Translations:Yirmi Dördüncü Söz/284/tr

    Risale-i Nur Tercümeleri sitesinden

    Ey reşha-misal! Madem doğrudan doğruya güneşe âyinedarlık ediyorsun, sen hangi mertebede bulunsan bulun, ayn-ı şemse karşı aynelyakîn bir tarzda, safi bakılacak bir delik, bir pencere bulursun. Hem o şemsin âsâr-ı acibesini ona vermekte müşkülat çekmeyeceksin. Ona lâyık haşmetli evsafını tereddütsüz verebilirsin. Saltanat-ı zatiyesinin dehşetli âsârını ona vermekte, hiçbir şey senin elinden tutup ondan vazgeçiremez. Seni ne berzahların darlığı, ne kabiliyetlerin kaydı, ne âyinelerin küçüklüğü seni şaşırtmaz; hilaf-ı hakikate sevk etmez.
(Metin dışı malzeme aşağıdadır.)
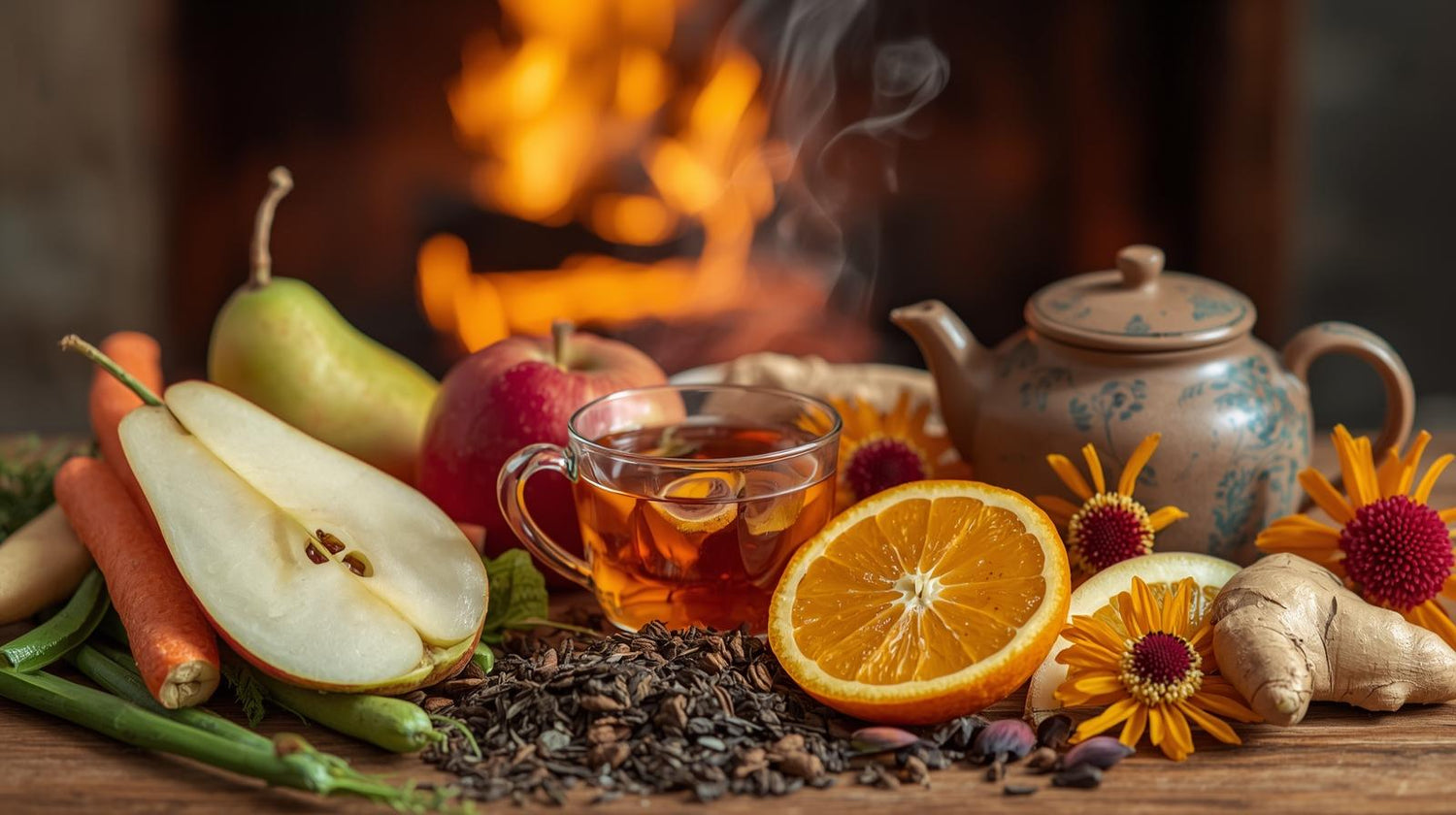 Peerstukjes, appelstukjes, wortelstukjes, gember, Japan Gen Mai Cha, sinaasappelschijfjes, aroma, sinaasappelschil en saffloerbloesem.

Çünkü sen safi, hâlis, doğrudan doğruya ona baktığın için anlamışsın ki mazharlarda görünen ve âyinelerde müşahede olunan güneş değil belki bir nevi cilveleridir, bir çeşit renkli akisleridir. Çendan o akisler onun unvanlarıdır fakat bütün âsâr-ı haşmetini gösteremiyorlar.